**Data below**.
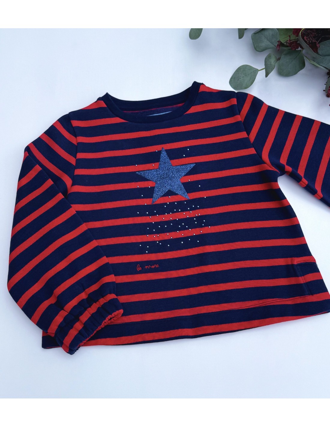 Sudadera Be More a rallas rojas y azul marino con estampado de estrella
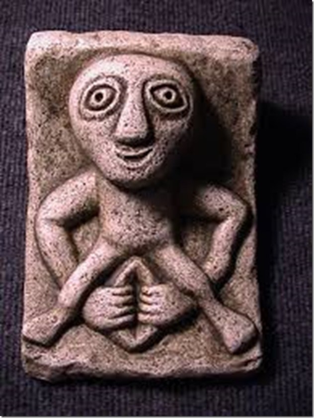 Cruise the old churches of Europe and you’re sure to run into the Sheela-Na-Gig. She’s found on arches and carved in stones. Her huge head, staring eyes and her hands reaching down between her wide open legs to spread her swollen and oversized womanhood suggest more prostitution than protection. The Sheela-Na-Gig are said to keep evil away.
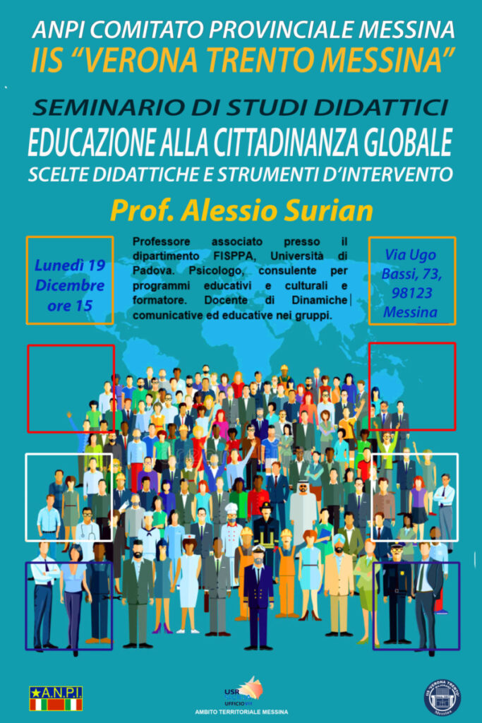Si svolgerà lunedì 19 dicembre 2022, alle ore 15,00, l'incontro con il Prof. Alessio Surian, presso l'IIS "Verona Trento" di Messina, in via Ugo Bassi, 73. Ad organizzare il seminario l'ANPI di Messina, l'USR di Messina e l'ISS "Verona Trento". Un'occasione di confronto rivolta principalmente ai docenti, ma aperta a studenti e pubblico interessato. La partecipazione al seminario è gratuita e ai docenti sarà rilasciato attestato di partecipazione.
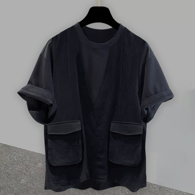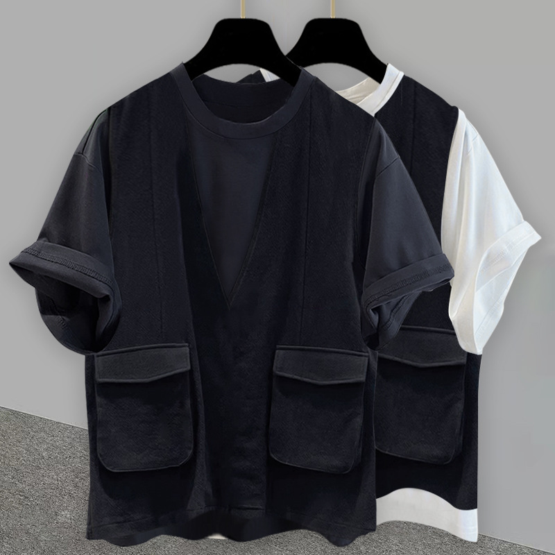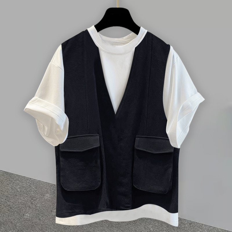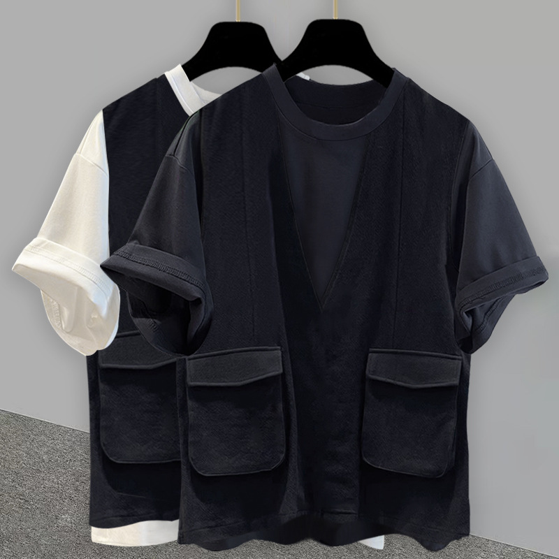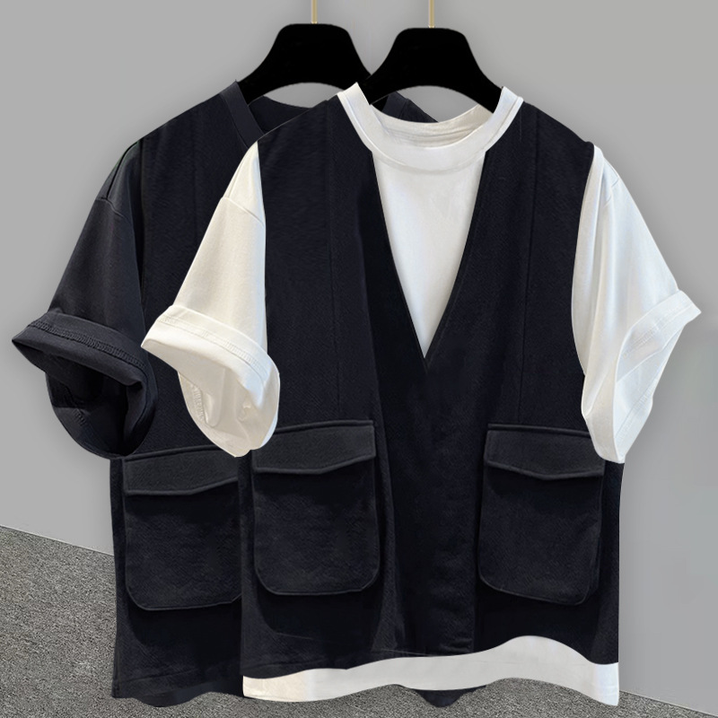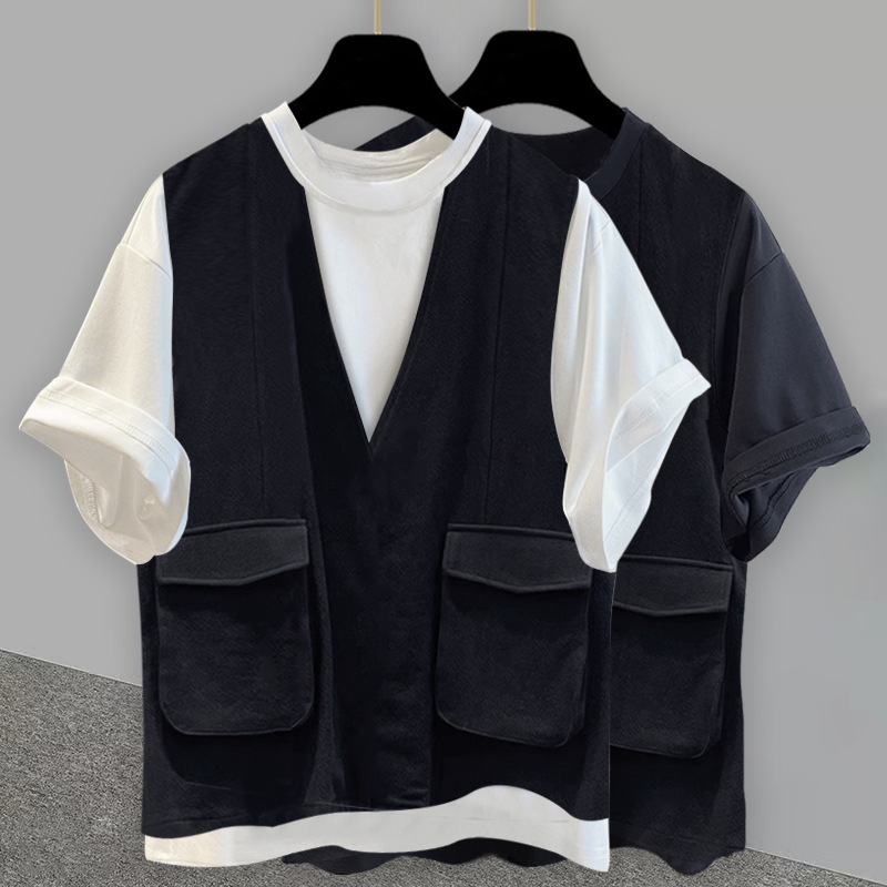 작업복 가짜 2 피스 라운드 넥 반팔 티셔츠 남성과 여성의 느슨한 트렌디 브랜드 패션 하이 엔드 센스 캐주얼 올 매치 여름 탑

**Directions for this task**. Leaving the pictures out, write out all the material above exactly.

**Result of the task**.
 Sudadera Be More a rallas rojas y azul marino con estampado de estrella
 Cruise the old churches of Europe and you’re sure to run into the Sheela-Na-Gig. She’s found on arches and carved in stones. Her huge head, staring eyes and her hands reaching down between her wide open legs to spread her swollen and oversized womanhood suggest more prostitution than protection. The Sheela-Na-Gig are said to keep evil away.
Si svolgerà lunedì 19 dicembre 2022, alle ore 15,00, l'incontro con il Prof. Alessio Surian, presso l'IIS "Verona Trento" di Messina, in via Ugo Bassi, 73. Ad organizzare il seminario l'ANPI di Messina, l'USR di Messina e l'ISS "Verona Trento". Un'occasione di confronto rivolta principalmente ai docenti, ma aperta a studenti e pubblico interessato. La partecipazione al seminario è gratuita e ai docenti sarà rilasciato attestato di partecipazione.
 작업복 가짜 2 피스 라운드 넥 반팔 티셔츠 남성과 여성의 느슨한 트렌디 브랜드 패션 하이 엔드 센스 캐주얼 올 매치 여름 탑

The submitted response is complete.